If you read that you can see that the response on setting the scavenging settings can have it’s issues.


By default, the aging and scavenging mechanism for the DNS Server service is disabled. It should only be enabled when all parameters are fully understood. Otherwise, the server could be accidentally configured to delete records that should not be deleted.
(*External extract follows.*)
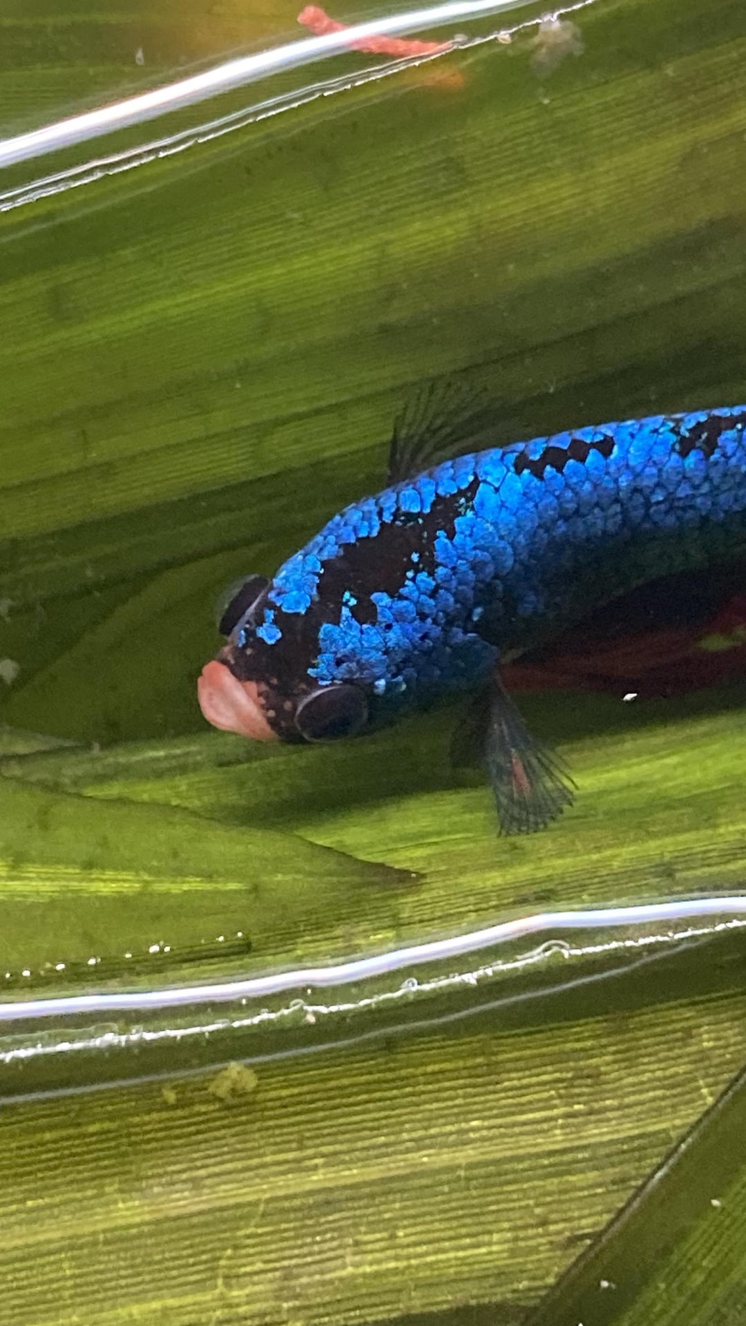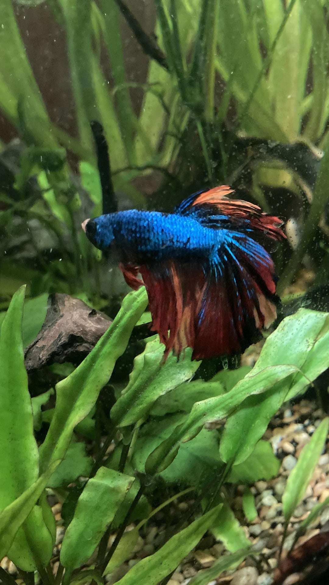 We’re in the process of moving my boyfriend out and we left the fish tank as the final project. Bubby lived happily in a 75 gallon with plenty of proper tank mates and a lush garden of plants. Unfortunately, in the time we were gone, his old roommate took it upon themselves to feed the fish. They ended up severely overfeeding, and likely resulting in an ammonia spike and the loss of many fish including my Bubby 🙁

If a record is accidentally deleted, not only will users fail to resolve queries for that record, but any user can create the record and take ownership of it, even on zones configured for secure dynamic update.



 


What is probably a better recommended is to periodically right mouse click on DNS, and click on scavenge stale resource records, especially when you are adding a new computer to an existing position (like repurposing a workstation).



For best results, remove the old workstation with the remove computer wizard.


When repurposing a workstation, flip/drop it back to workstation mode and then rerun /connectcomptuer if you plan to use connectcomputer to reattach.



Could you set the DNS to do an automatic scavenge?  Brian Desmond says that our networks, setting that probably won’t cause issues.  But you have to set it in two places, on a per zone basis and on the DNS server.   I think part of our problem is that we’re not removing the computers properly and that’s what’s getting us into trouble.  I know when I was reminded of that ‘remove computer from network wizard’ I went… “uh… what remove computer wizard?”


So bottom line, that setting in DHCP doesn’t do what we think it does.  And we’re better off clicking on that Scavenge Stale Resource Records every now and then.



1 comment so far ↓

  • #   Chris Knight on 12.30.07 at 6:51 am     

    Another way of resolving this is to use DHCP reservations for all DHCP clients.

    It’s also a pity that the Windows DHCP client isn’t “sticky”, in that it doesn’t try obtaining the same IP after a restart, unlike Unix/Linux.